PROBLEM TO WORK ON: Take the lines of the data below from the very first through the line containing "Ribbed ivory panels" and output them exactly, pictures excluded.

*** Opening of COLLECTED DATA ***

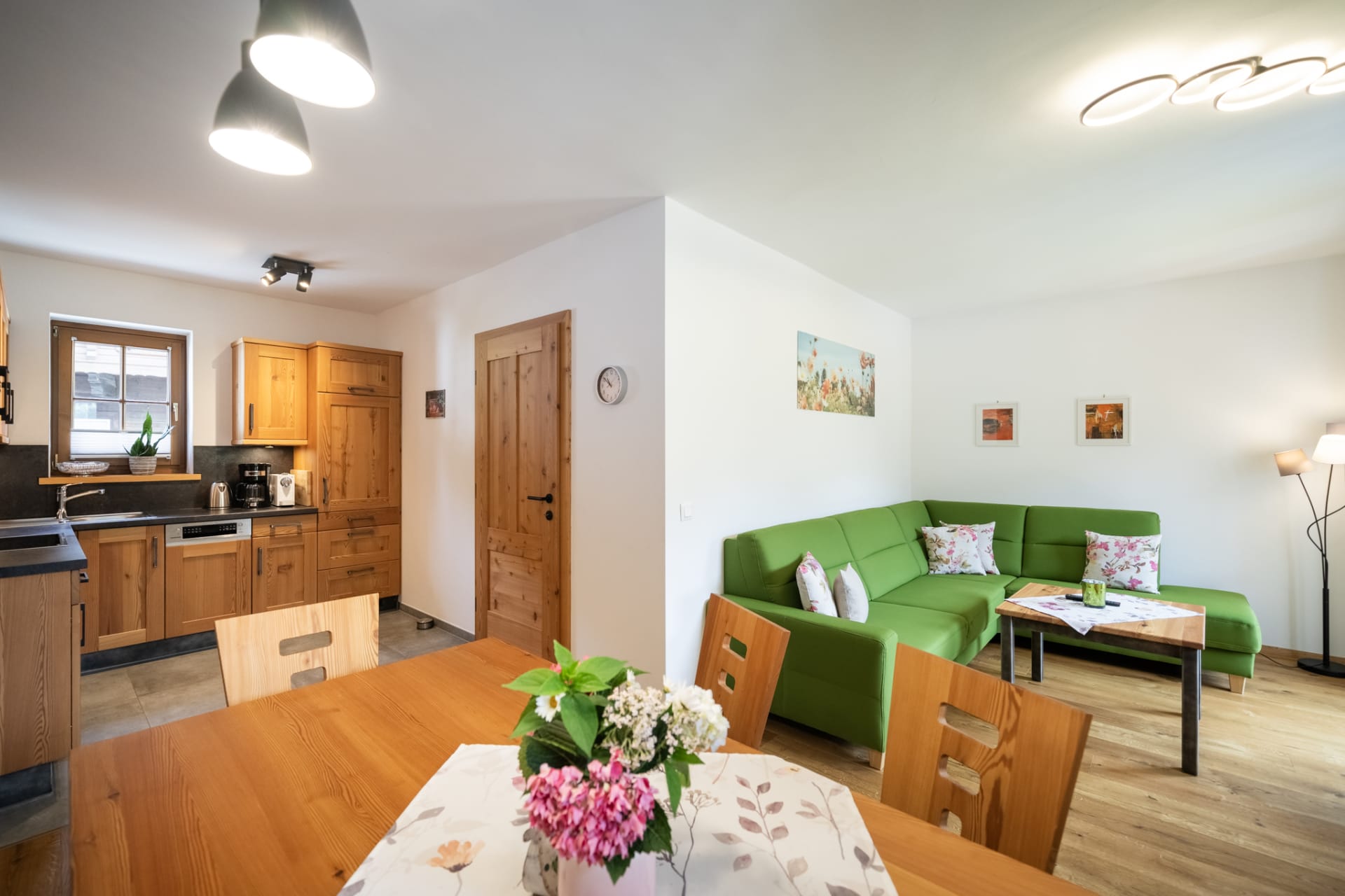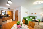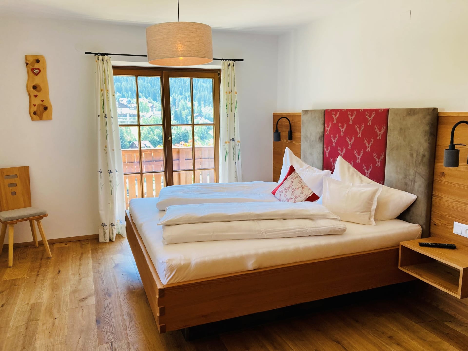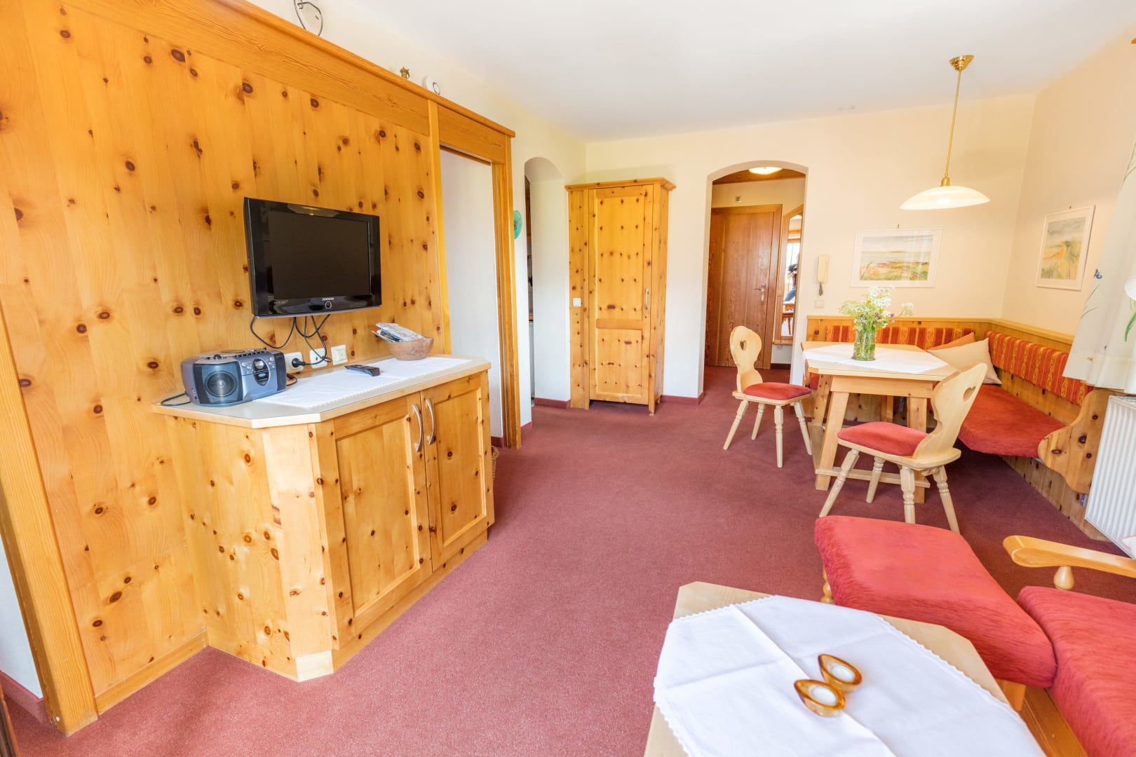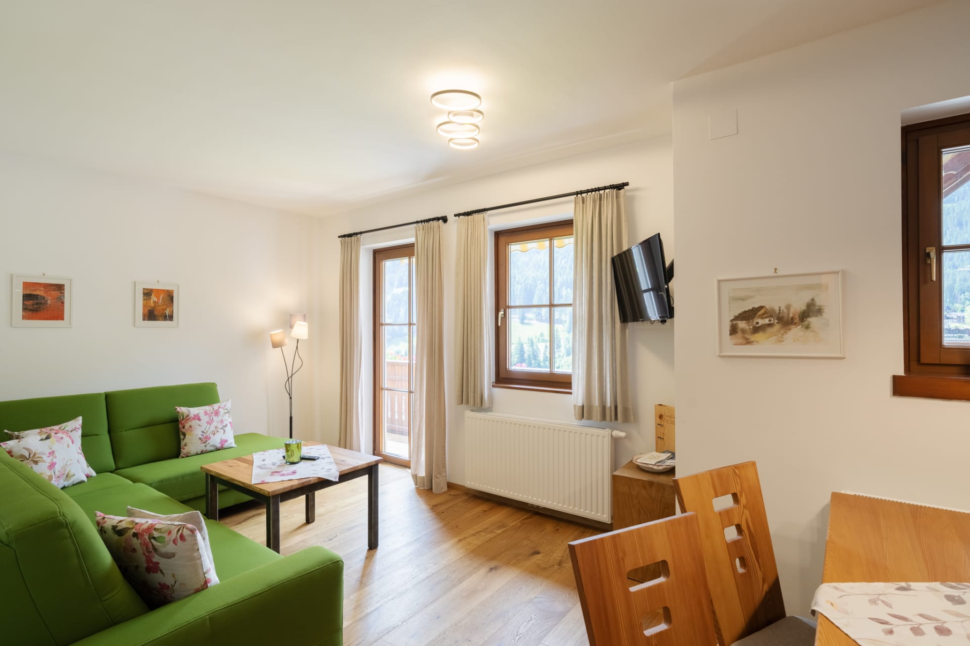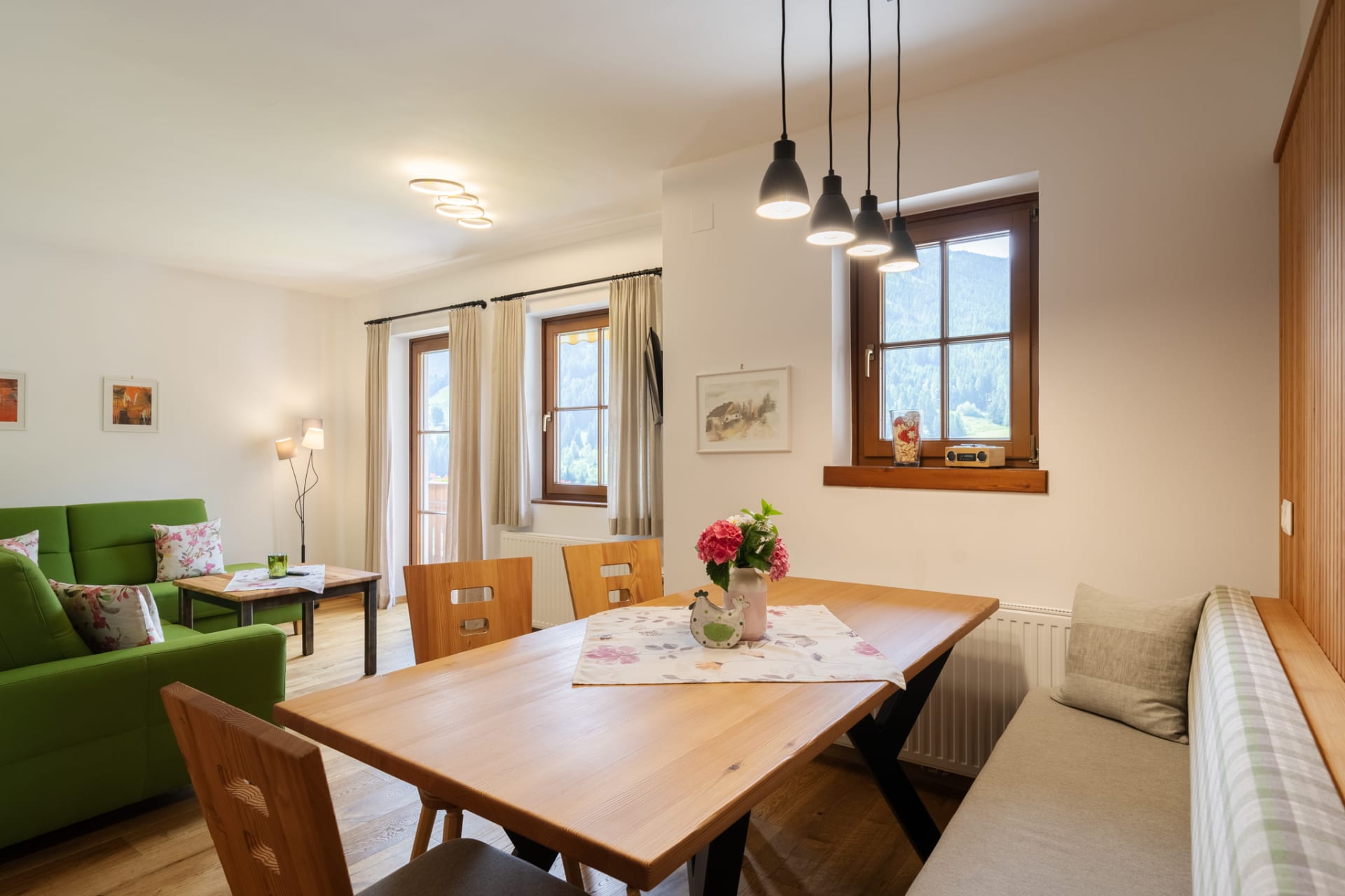 Unser Appartement aus heimischen Lärchenholz ist ausgestattet mit einer voll eingerichteten Küche, zwei Schlafzimmer, Wohnraum, Bad, WC, Radio, Sat-TV, WLAN und einer großen Terrasse mit Blick auf das Kirchheimertal.
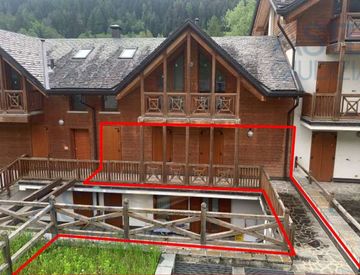 Piena proprietà in comune di Ponte di Legno (BS) – via Ettore Calvelli, 56-58-64 trattasi di appartamento posto al piano primo con giardino esclusivo oltre a cantina al piano terra ed autorimessa al piano interrato. L'appartamento è composto da soggiorno/cucina, bagno, una camera, disbrigo e due balconi, oltre a giardino sullo stello livello dell'appartamento, sopra le cantine.
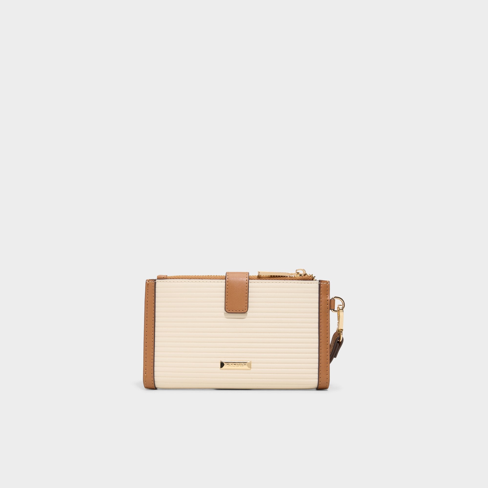 Ribbed ivory panels bordered by caramel trim and tiny gold studs give this compact wristlet a sleek travel-case feel, while the clip-off strap converts it from hands-free dash to polished clutch quickly. Clutch it for latte runs with joggers, or tuck it inside a tote for evening dinners when all you need is the essentials.
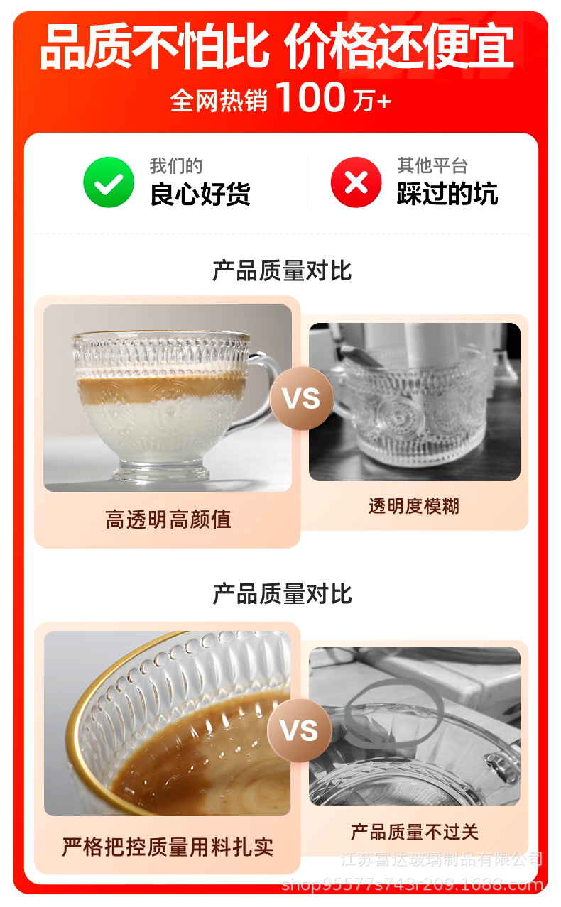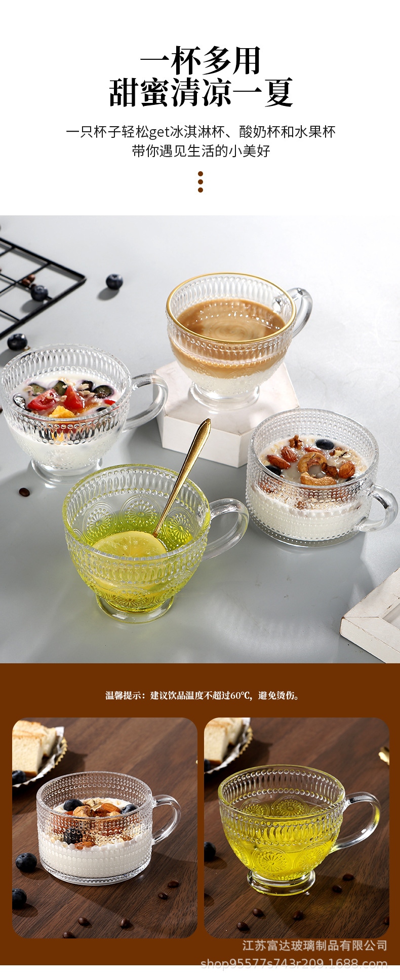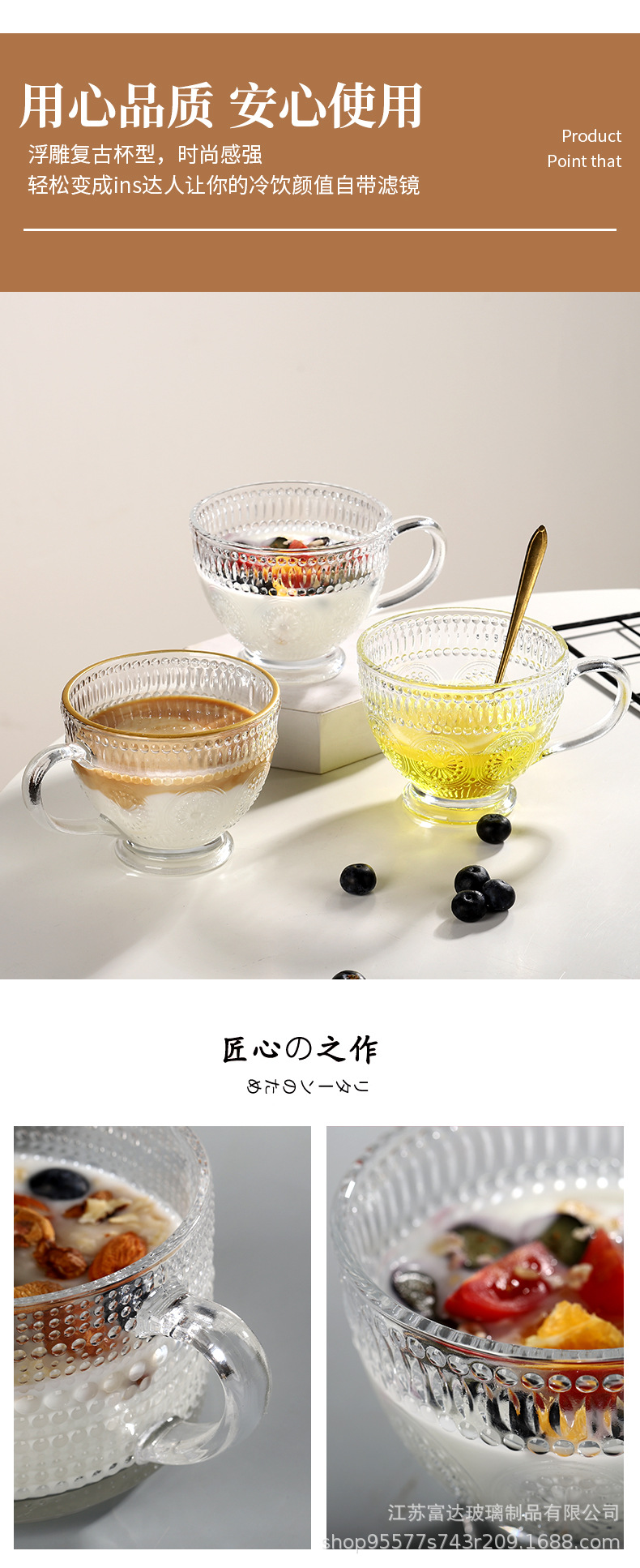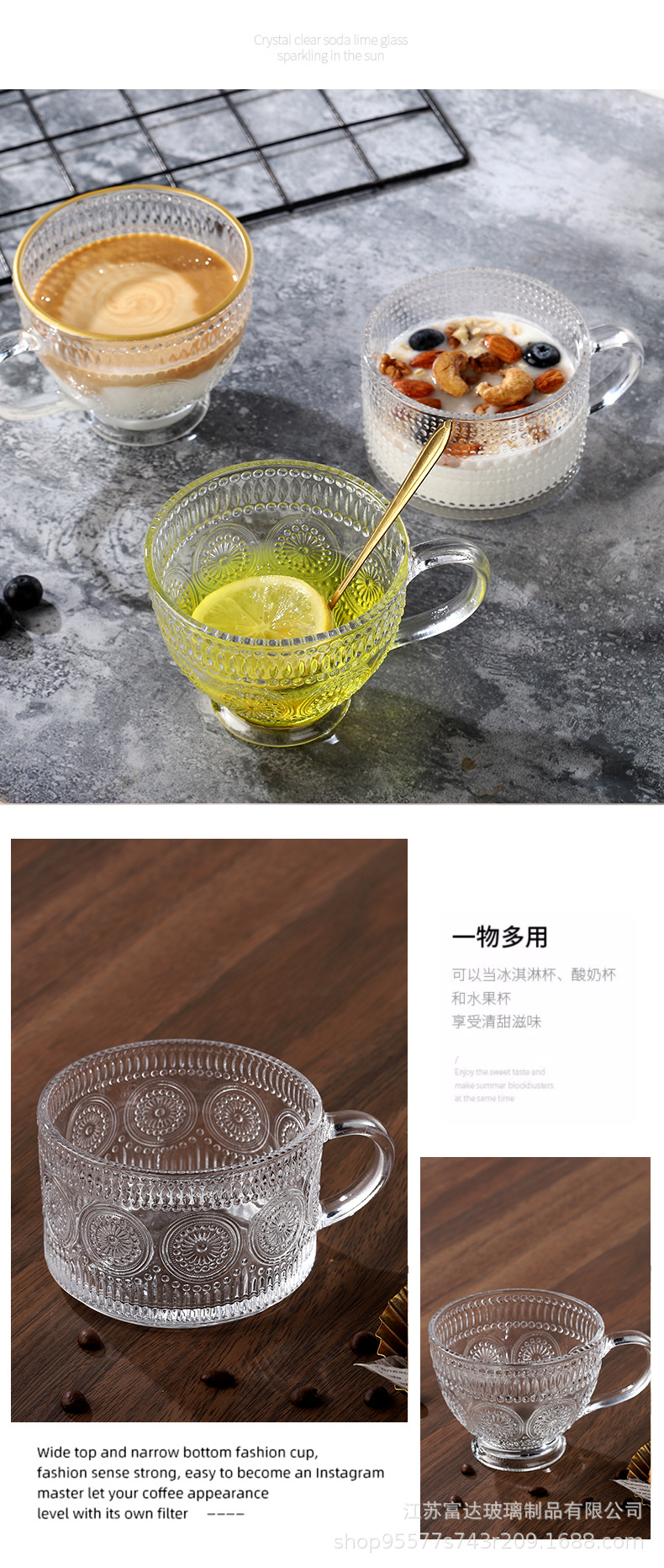 양각 해바라기 아침 식사 그릇 고급스러운 유리 컵 손잡이가있는 대용량 요구르트 그릇 가정용 시리얼 그릇

*** Close of COLLECTED DATA ***

TASK SOLUTION:
 Unser Appartement aus heimischen Lärchenholz ist ausgestattet mit einer voll eingerichteten Küche, zwei Schlafzimmer, Wohnraum, Bad, WC, Radio, Sat-TV, WLAN und einer großen Terrasse mit Blick auf das Kirchheimertal.
 Piena proprietà in comune di Ponte di Legno (BS) – via Ettore Calvelli, 56-58-64 trattasi di appartamento posto al piano primo con giardino esclusivo oltre a cantina al piano terra ed autorimessa al piano interrato. L'appartamento è composto da soggiorno/cucina, bagno, una camera, disbrigo e due balconi, oltre a giardino sullo stello livello dell'appartamento, sopra le cantine.
 Ribbed ivory panels bordered by caramel trim and tiny gold studs give this compact wristlet a sleek travel-case feel, while the clip-off strap converts it from hands-free dash to polished clutch quickly. Clutch it for latte runs with joggers, or tuck it inside a tote for evening dinners when all you need is the essentials.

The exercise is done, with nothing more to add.